[파이썬] nltk 텍스트 클러스터링

In natural language processing (NLP), text clustering is the task of grouping similar documents together based on their content. This technique can be useful for various applications, such as document organization, information retrieval, and recommendation systems.

In this blog post, we will explore how to perform text clustering using the Natural Language Toolkit (NLTK) library in Python. NLTK is a popular library for NLP tasks, providing a wide range of functionalities and algorithms.

Installing the NLTK library

Before we get started, make sure you have NLTK installed on your machine. You can install it using pip:

pip install nltk

Once NLTK is installed, we need to download some additional resources, such as stopwords and punkt tokenizer. We can do this by running the following code:

import nltk

nltk.download('stopwords')
nltk.download('punkt')

Preprocessing the text data

To perform text clustering, we first need to preprocess the text data. This involves cleaning and transforming the raw text into a format suitable for clustering.

The preprocessing steps typically include:

  1. Tokenization: Splitting the text into individual words or tokens.
  2. Lowercasing: Converting the text to lowercase to ensure case-insensitive clustering.
  3. Stopword removal: Removing common words that do not carry much information, such as “the” and “is”.
  4. Stemming or Lemmatization: Reducing words to their base or root form to handle different word variations.
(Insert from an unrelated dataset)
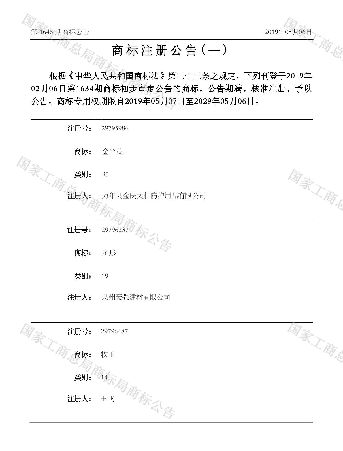 1901-木地板;1902-大理石;1902-石板;1906-建筑用马赛克;1906-瓷砖;1906-砖;1909-非金属板条;1909-非金属门;1911-建筑玻璃;1913-制砖用粘合料 - 1634

Let’s see an example of how to preprocess the text data using NLTK:

from nltk.corpus import stopwords
from nltk.tokenize import word_tokenize
from nltk.stem import PorterStemmer

# Define stopwords and stemmer
stopwords = set(stopwords.words('english'))
stemmer = PorterStemmer()

# Example text
text = "This is an example sentence for text clustering."

# Tokenize the text
tokens = word_tokenize(text)

# Remove stopwords and perform stemming
filtered_tokens = [stemmer.stem(token.lower()) for token in tokens if token.lower() not in stopwords]

print(filtered_tokens)

The output of this code will be:

['exampl', 'sentenc', 'text', 'cluster']

Vectorizing the text data

After preprocessing the text data, we need to represent each document as a numerical vector. This allows us to apply clustering algorithms that operate on numerical data.

One popular approach for text vectorization is term frequency-inverse document frequency (TF-IDF). This technique calculates a score that represents how important a word is to a document in a collection.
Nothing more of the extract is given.